I shook my head. “As you said, there are those with enough knowledge of my kind to be dangerous. They can deal with any web-being who misbehaves—perhaps better than I could.”
My only success in that area having involved far more luck and discomfort than skill.
“You think we can trust them?” His lips twisted, as if on a bitter taste.
I’d settle for any taste at all, right now
, I thought, inclined to focus on the hollow space down one side as a far more comforting topic than this one. Still, if Paul wanted to spend our air in conversation, he had the right. “We don’t even know who it is. Why leave, Esen?”
he asked, as though driven. “Esolesy Ki has a good life, a family—”
He wanted the truth?
“It’s your family, Paul. Not mine. There would be no belonging,” I shook my head, unsure how to help him understand what I knew to my core. “You are the only web-kin. The only one with whom I am truly Esen-alit-Quar. You are all I have.”
“Esen.” Paul seemed to make some decision, because his voice suddenly firmed. “I am not all you have.”
“Lefebvre?” I would have laughed, had I not thought it more likely another sound would come out.
“No.”
What was he saying?
I surged to my feet, a regrettably silly action as I immediately fell to my knees with dizziness, in control of the need to cycle from this failing form only because of the fresh air from the tank Paul held under my nose. He held me as well, and dropped his face into the air to control his own whooping gasps. I put my hands on his shoulders and pressed my forehead against his.
“What have you done?” I whispered urgently, staring into the one gray eye I could see.
“Esen,” Paul told me, his breath warm on my lips, “the faces I gave you in your gift. They are more than my past.”
I pushed back so I could see all of him. What I saw wasn’t reassuring. There was a hardness there, a determination that had more in common with a doctor about to set a broken leg, than a friend’s caring last moments. “What are you saying?” I asked.
“As part of your Web,” the Human said with a strange edge to his voice, “it was my role to gather information and prepare it for you. By all I know of you, that makes me the Senior Assimilator.”
There was a notion to roll Ersh right off her rocky mountain
, I thought, but couldn’t argue.
Paul took my silence for agreement. “As Senior Assimilator, I decided our Web needed more.”
“More?”
“I knew you’d outlive me.
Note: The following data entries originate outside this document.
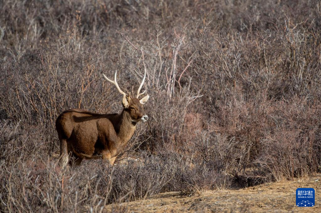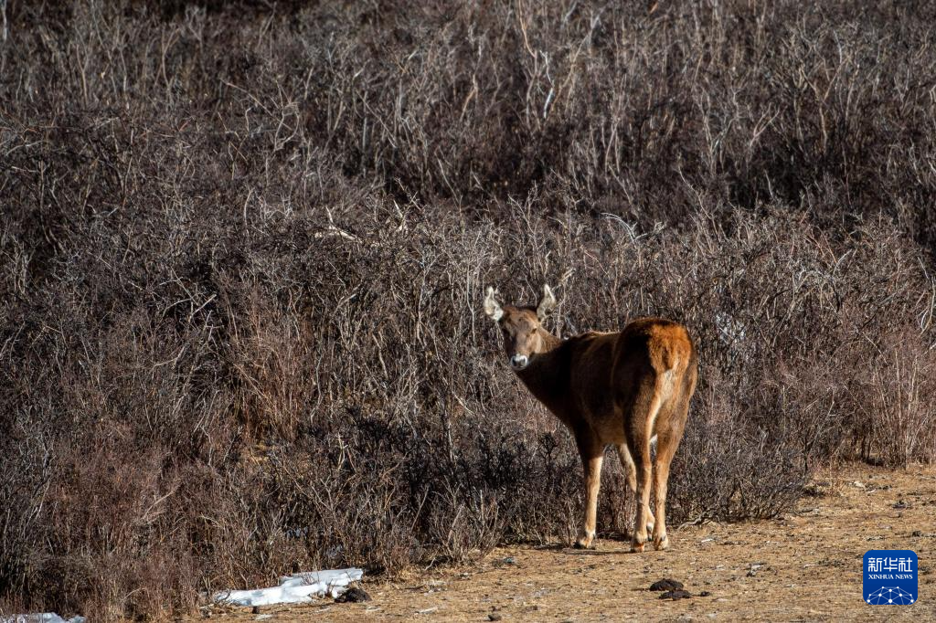 西藏山南市桑日西藏馬鹿縣級自然保護區(qū)內的西藏馬鹿(1月14日攝)。新華社記者 旦增尼瑪曲珠 攝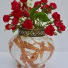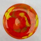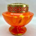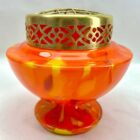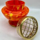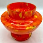 Dramatic multi color decor, cobalt and orange, in hand blown splatter glass vase in the Art Deco style. This design for vases is often called ‘Pique fleurs’ or ‘rose-bowl’ and is supplied with a fitted metal grille to support stems in an arrangement. Special color and technique for any collector.Looks simply stunning. Please don’t hesitate to get in touch with any further questions. With Best Wishes, Geert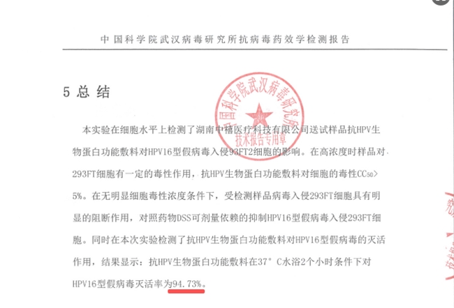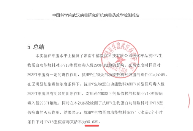 通过查询相关网站资料,发现卫茵清品牌的热销产品卫茵清抗HPV生物蛋白敷料在《中国科学院武汉病毒研究所抗病毒药效学检测报告》中显示,对HPV16型病毒灭活率94.73%,HPV18型病毒灭活率95.63%。

I knew before I chose to return to you, fifty years ago, that whatever we accomplished
together had to last longer than I could. Esen—you can’t exist alone. And I couldn’t allow you to exist in secret.”
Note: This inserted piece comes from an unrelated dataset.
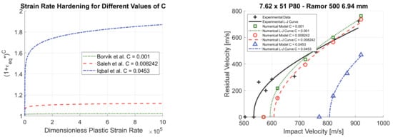 As shown in Figure 9a, the values reported in the literature for the parameter C vary in a large range, between 0.001 and 0.0453 [1,28,29,44]. Iqbal et al. [29] determined a value of 0.0453. This value is much higher than values obtained by other authors and leads to high strain hardening. As a result, if C = 0.0453 is considered, the numerical model considerably overestimates the perforation resistance of target S, as shown in Figure 9b. By decreasing the value of C, the perforation resistance predicted by the numerical model decreases and the value of C = 0.001, found by Borvik et al. [1], leads to the highest accuracy.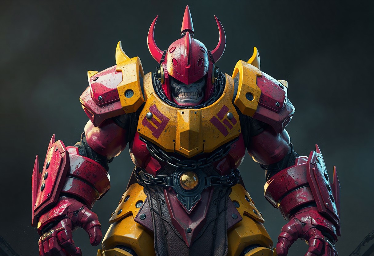 Hyperdetailed pink & yellow Garbage Ogre robot, red helmet, black chains, World Legacy in Shadow backdrop. Confident stance. Matte painting, splash ink illustration, octane render, Unreal Engine 5, Raphael style, Houdini style, dynamic action pose, grammer effect, captivating lighting, isometric, trending on Artstation, CGSociety, 16K, golden ratio.

The air had to be fouler than I thought
, I decided, trying to make sense of what Paul was saying so passionately. “I knew you were young—too young,” he went on. “You make mistakes, potentially dangerous ones to you and those around you. You have enemies we don’t even know yet. Do you understand? I had to make sure others would be there to protect you—when I was gone. That others would know what I do.” He gripped my arms, tightening his fingers as if afraid I was about to run. “Esen, those faces in my gift, are my gift. They all know you. They know all about you. Web-kin, Esen. You aren’t alone.”
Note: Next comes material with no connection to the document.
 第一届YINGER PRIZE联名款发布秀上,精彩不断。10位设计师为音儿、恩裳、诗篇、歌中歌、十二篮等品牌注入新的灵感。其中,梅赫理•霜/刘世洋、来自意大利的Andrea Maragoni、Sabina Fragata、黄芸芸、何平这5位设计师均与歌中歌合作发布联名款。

Had I been Human more often, maybe I would have seen Paul’s frequent trips away from Minas XII, his network of beings on many worlds, his occasional secrecy, for what they were.
Had I been Human more often
, I told myself grimly,
maybe he wouldn’t have done this at all.
It was never easy, changing vision to see through another’s eyes and mind, making the accommodation necessary when my thought processes had to deal with a different set of interpretations once I cycled. The most familiar aspects of one’s life took on completely new meanings.
Only this time, I had a choice how to see:
was Paul’s gift to me a glorious extension of my Web? Or were those faces a list of spies—a threat I’d have to avoid?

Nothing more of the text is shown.